Example: All sorts of Digital Signal Processing is very well suited for an FPGA. (Filters, FFT, feature extraction, ...) Most algorithms that run well on a GPU, can also run well on an FPGA (but not all, depends on memory subsystem usage and if floatingpoint or other bult-in features of the GPU are needed) Handling a complex Database and making complex decisions (what does these extracted features tell us?) is not that great to run on an FPGA, this is better for a CPU. What kind of processing do you have?

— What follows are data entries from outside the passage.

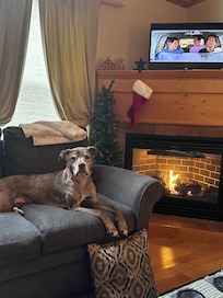 Step inside this relaxing retreat and find wooded views, an inviting living area complete with comfortable seating, a ceiling fan, a large flat-screen Roku TV, and a gas fireplace. The living room has ample lighting and porch access. Have some friendly competition in a fun game of checkers, a round of pool, or a friendly competition of Foosball. This cabin offers plenty of games to choose from, including a convertible game table. Wifi can be found throughout the cabin. The sleeper sofa pulls out to make a Queen-size bed. (Linens provided)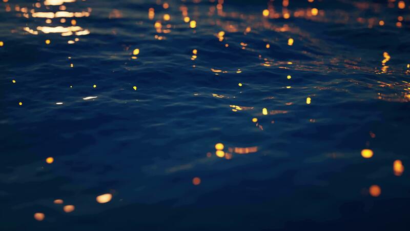 Loop animation of rippled lake with glowing particles, 3d rendering. Pro Video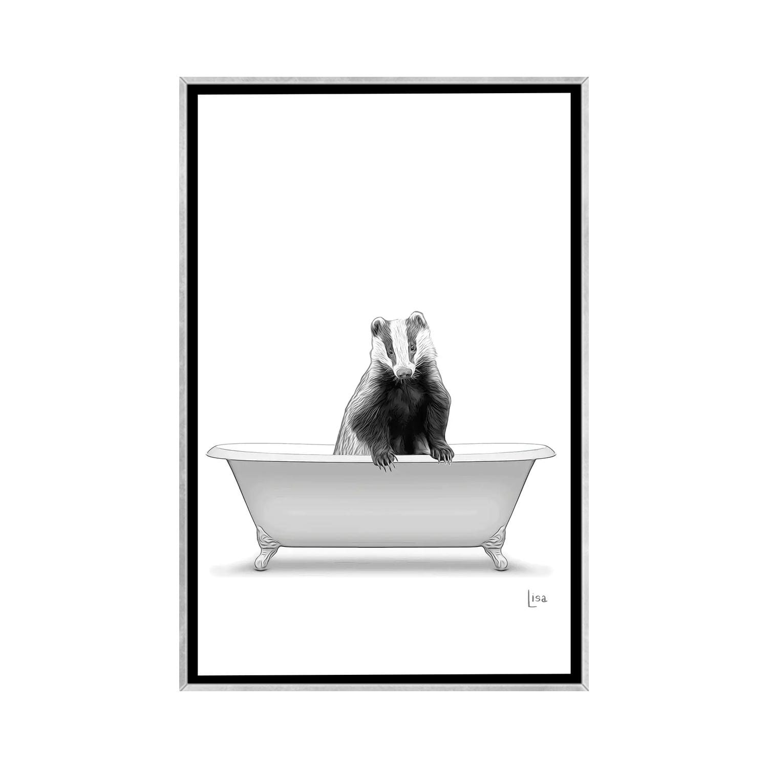 iCanvas "Badger In Bw Bathtub" by Printable Lisa's Pets Framed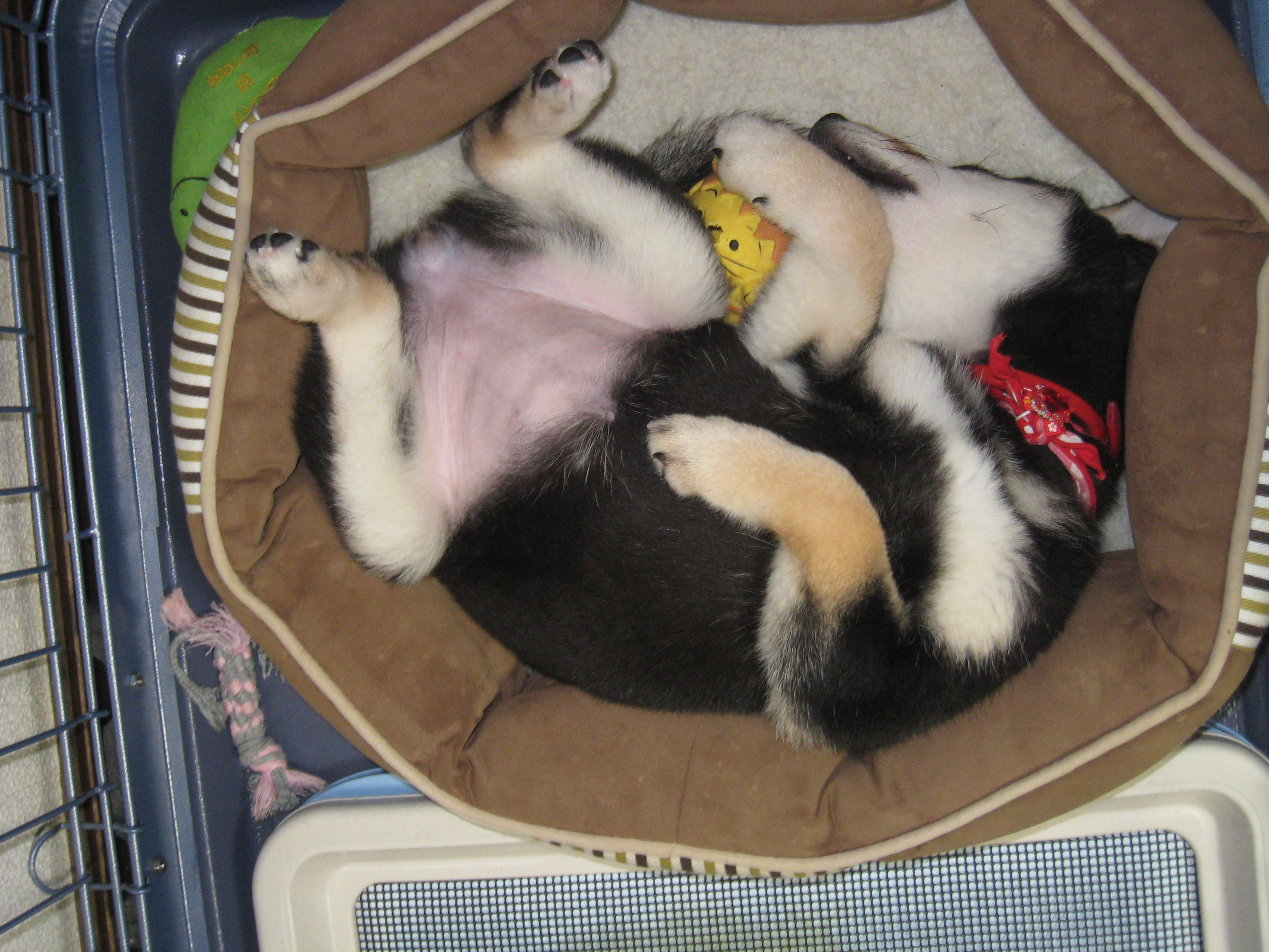 我が家に来たころのうちのワンコの寝姿です。 こんな無防備な姿は子犬のうちだけなんですよね…。 とか思ってたら今でも時々こんな姿で寝てやがります。

I am trying to sharply speedup a search algorithm involving underwater accoustic localization. So far with GPUs, I have achieved speedup of 8x, which is not enough. I want a speedup of 100x at least. I think this algorithm is suitable for an fpga speedup, but the only way to tell is by trying it on a fpga. I am also interest in using Opencl on fpgas and the Impulse C compiler. Any opinion on these tools? Thanks in advance. Resepctfully, NewpoRt_j
It is certainly possible to speed up search algorithms with FPGAs. But it's hard to say in general if such a speedup can be achieved (also depends on how much you want to spend on hardware). C to HDL Tools can at least be used for design space exploration and tell you if it is feasible.